• **LISTED RECORDS**

BEGIN

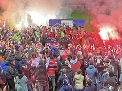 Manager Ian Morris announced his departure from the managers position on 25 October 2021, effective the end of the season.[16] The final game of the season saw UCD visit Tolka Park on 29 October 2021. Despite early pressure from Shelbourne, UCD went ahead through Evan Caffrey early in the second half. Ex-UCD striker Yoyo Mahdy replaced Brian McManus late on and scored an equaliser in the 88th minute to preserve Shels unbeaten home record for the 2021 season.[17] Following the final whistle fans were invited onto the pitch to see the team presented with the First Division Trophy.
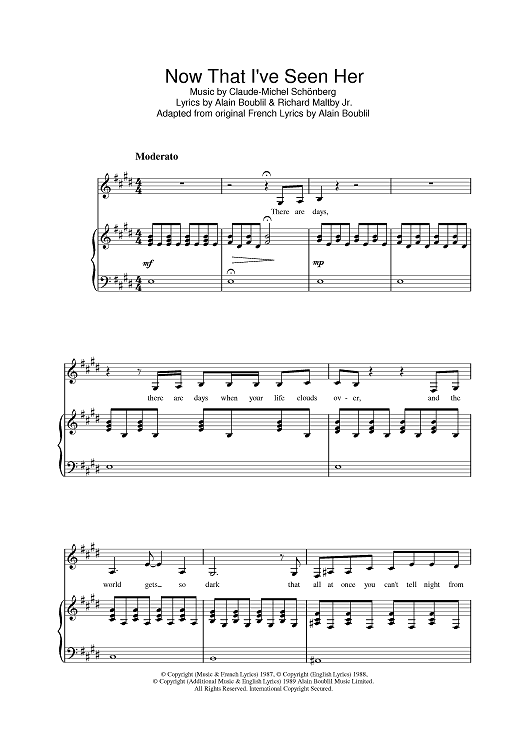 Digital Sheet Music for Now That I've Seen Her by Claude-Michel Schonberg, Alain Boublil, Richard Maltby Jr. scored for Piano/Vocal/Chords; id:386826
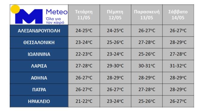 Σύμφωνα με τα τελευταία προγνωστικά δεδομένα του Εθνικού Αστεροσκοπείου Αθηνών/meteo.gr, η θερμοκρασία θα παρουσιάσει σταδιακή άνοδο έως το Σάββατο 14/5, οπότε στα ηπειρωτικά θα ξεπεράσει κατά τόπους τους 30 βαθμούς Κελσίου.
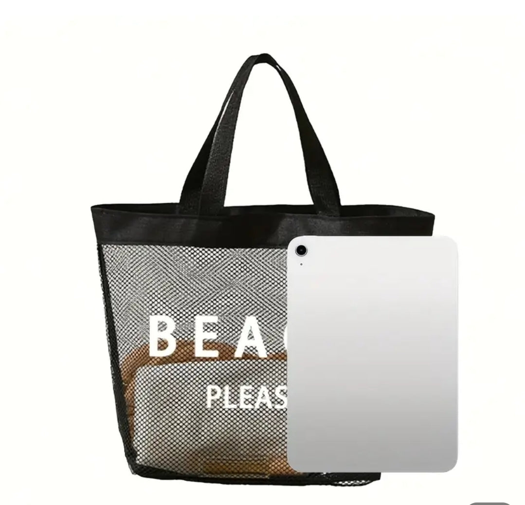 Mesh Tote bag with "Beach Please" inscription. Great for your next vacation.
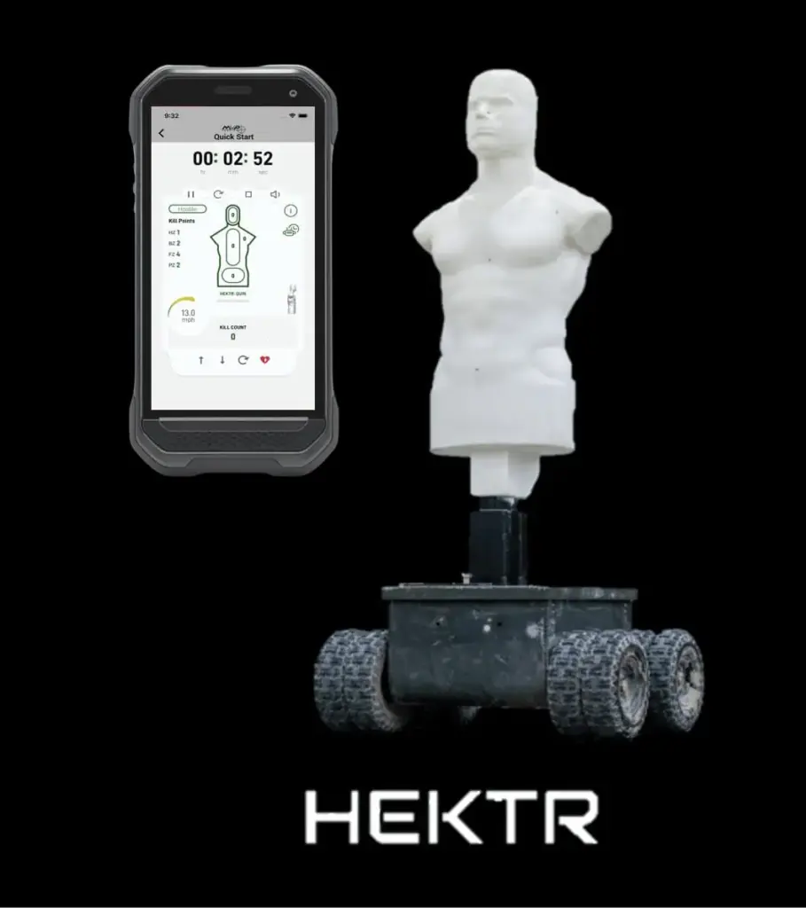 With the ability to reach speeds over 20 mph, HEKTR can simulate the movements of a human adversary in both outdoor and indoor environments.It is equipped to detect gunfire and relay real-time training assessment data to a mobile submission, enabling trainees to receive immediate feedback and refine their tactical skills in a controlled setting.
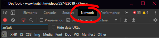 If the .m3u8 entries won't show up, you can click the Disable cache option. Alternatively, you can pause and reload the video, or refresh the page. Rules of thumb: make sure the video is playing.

END

• **PROBLEM DESCRIPTION**
Beginning with the line in which "With the ability" appears, repeat exactly each line down to the close of the material, leaving every picture out.

• **ANSWER SECTION**
 With the ability to reach speeds over 20 mph, HEKTR can simulate the movements of a human adversary in both outdoor and indoor environments.It is equipped to detect gunfire and relay real-time training assessment data to a mobile submission, enabling trainees to receive immediate feedback and refine their tactical skills in a controlled setting.
 If the .m3u8 entries won't show up, you can click the Disable cache option. Alternatively, you can pause and reload the video, or refresh the page. Rules of thumb: make sure the video is playing.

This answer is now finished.